Title: The Fate of Locality in Modern China: Changes and Continuity
Presentation Type: Panel Presentation
Yongtao Du, Oklahoma State University, United States (organizer, presenter)
Lifeng Li, Nanjing University, China (presenter)
Xiaopo Zhang, Anhui University, China (presenter)
Woyu Liu, Nanjing University, China (presenter)
Huaiyin Li, University of Texas at Austin, United States (chair, discussant)
Unlike the conventional picture in studies of nationalism in which the dawn of nation-states ushered in the dusk of things local, the emergence of the nation-state in China was not accompanied by a decline of the local. This local-national symbiosis is understandable if we view locality in the Chinese republic as inheritance from the late empire: not self-standing places to be annexed by the newly emerging territorial state, but age-old field administrative entities embedded in an imperial polity, carrying with them enduring localist orientations of the ruling class. This same type of locality also weathered the Nationalist Revolution and GMT rule with success, despite attacks by the “national unity” discourse and suppressions in the state’s centralization efforts. Yet the millennium-long locality-polity relationship, together with the various forms of localist orientations, suffered severe damage after 1949, when the CCP made great progresses in both disempowering locality and cleansing people of local sentiment.

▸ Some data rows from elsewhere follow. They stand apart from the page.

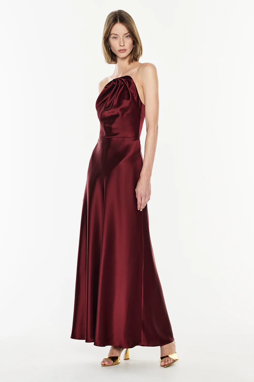 Turn heads in the Show Me Love Strapless Gown, designed for standout occasion dressing. Crafted from a luxurious satin-finish fabric, the bodice features striking, sculptural detailing that creates a bold yet refined look. Falling to a maxi length, the silhouette is balanced with a fitted bodice and softly flowing skirt for an effortlessly flattering finish.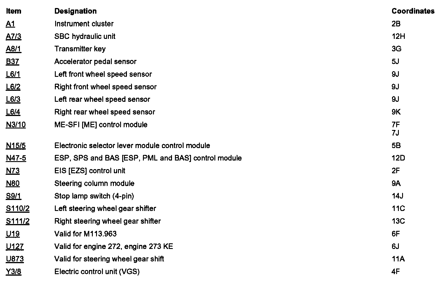 Component Locations: Component Location photographs can be found via their component names at the vehicle level. Component Locations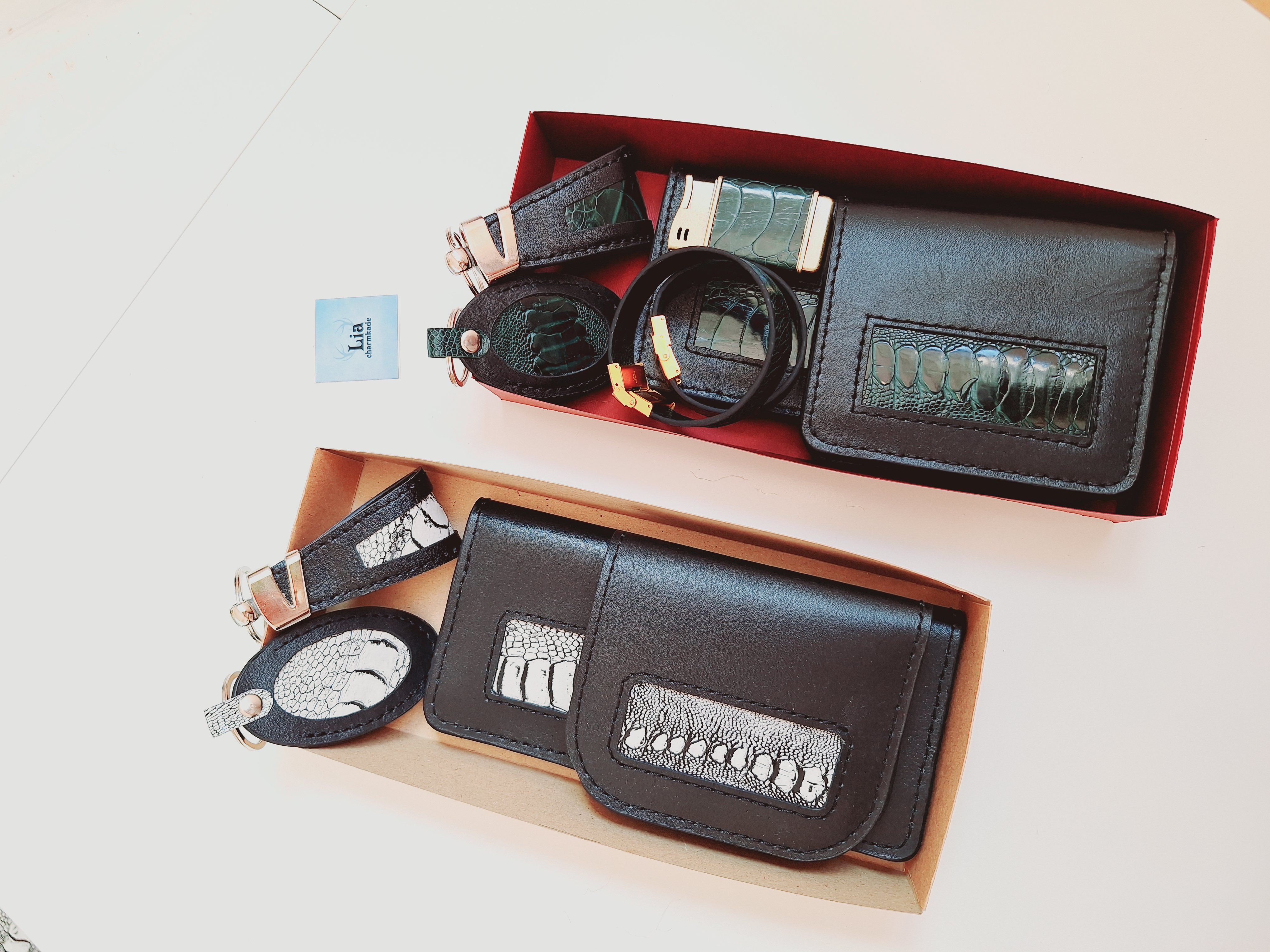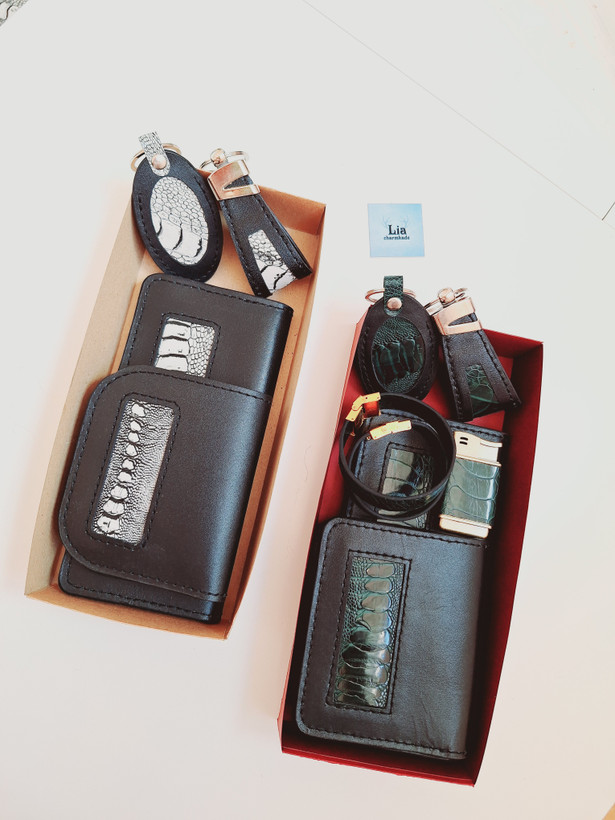 آیتم های ست: کیف پالتویی، کیف جیبی، جاکلیدی حلقه ای و یراق دار، فندک پیپ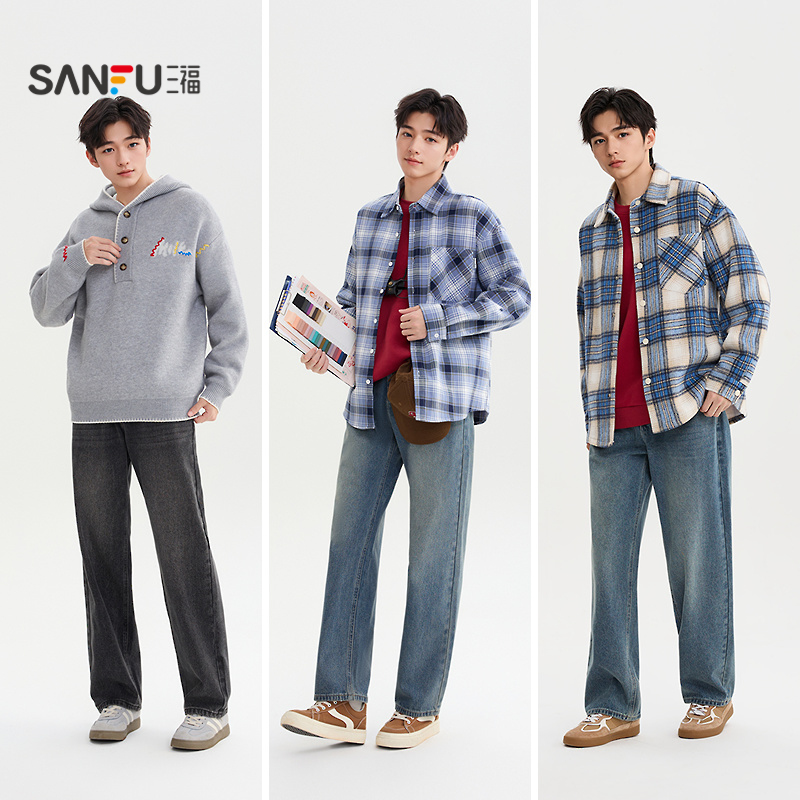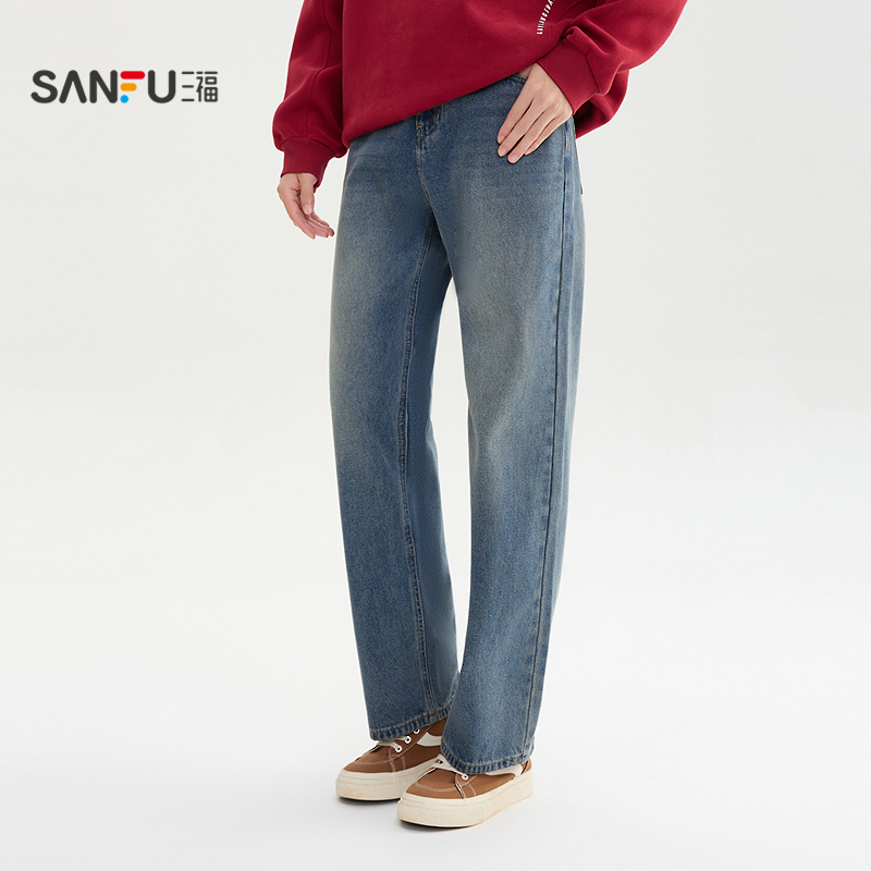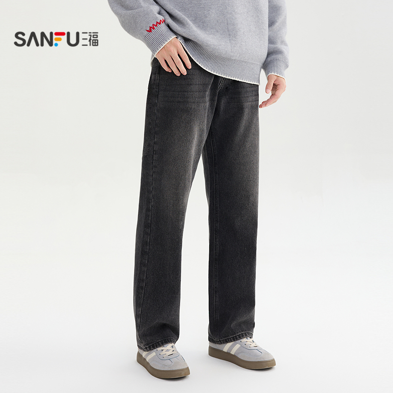 三福2025冬季男士经典猫须洗水牛仔裤 休闲宽松直筒裤子510084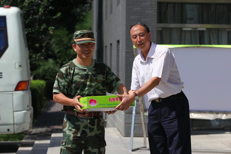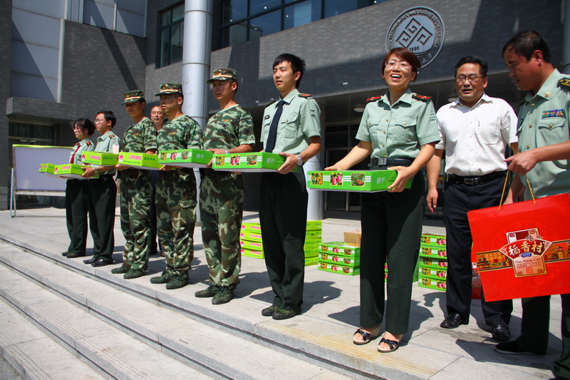 9月2日,黨委副書記盧思鋒,黨委副書記、紀委書記、工會主席張德玉代表學校黨委和行政來到良鄉校區,親切慰問了在新生軍訓中不辭辛苦的軍訓團老師和官兵們,為他們送去品月餅、水果和節日的祝福。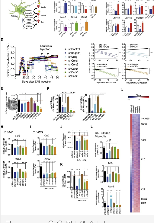 研究人员利用非肥胖糖尿病 (NOD) 小鼠建立了 EAE 模型,通过相关基因表达和敲除分析,确定了星形胶质细胞中的乳糖神经酰胺 (LacCer) 生物合成途径促进 NOD EAE 的发展,证明了鞘脂代谢驱使星形胶质细胞活动,促进 CNS 炎症及神经退化。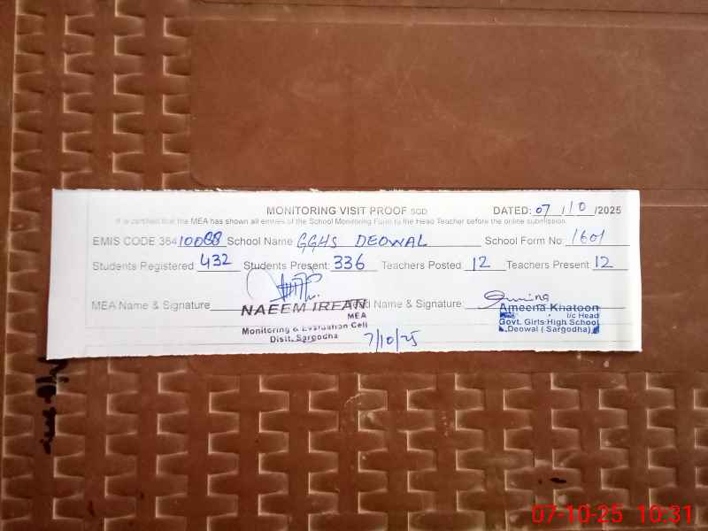 | EMIS Code: 38410088 | Name of School: GGHS DEOWAL | |||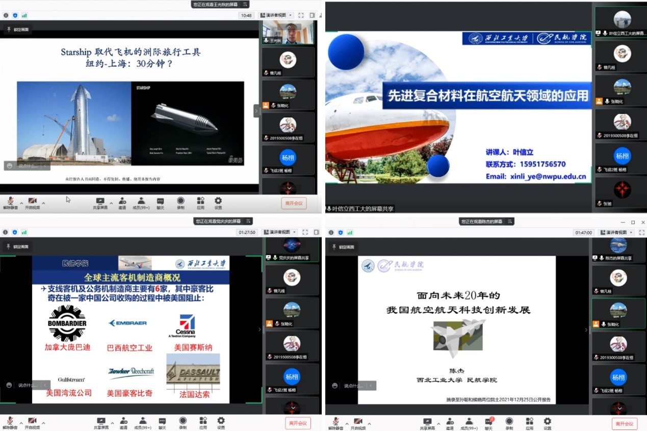 为丰富本科生疫情期间的文化生活,拓展员工视野,激发学习热情,beats365官方网站于2022年1月4日14:00,在腾讯会议线上举办了本科生系列讲座第一讲,近 200名本科生线上参加了讲座。“民用航空发动机设计理念与技术发展”、“先进复合材料在航空航天领域的应用”、“大飞机总体技术发展”、“航空航天未来二十年发展”先后由王光秋教授,叶信立副教授,党庆庆助理教授以及陈杰副教授主讲,公司教学副经理张晓化主持。

This panel explores the fate of locality in modern China against the background of enduring localism and the distinctive position locality held in traditional China’s spatial order. Li studies the dilemmas rural elites faced between the state and locality from the Qing to the PRC; Zhang analyzes the early republican transformation of local politics in the Lianghuai region; Du explains what made it hard, if not impossible, for a communist cadre to be a local man and inherit the localist orientation of the late imperial gentry; finally Liu analyzes how the “Four Cleanup Movement” reshaped local politics in Mao’s China.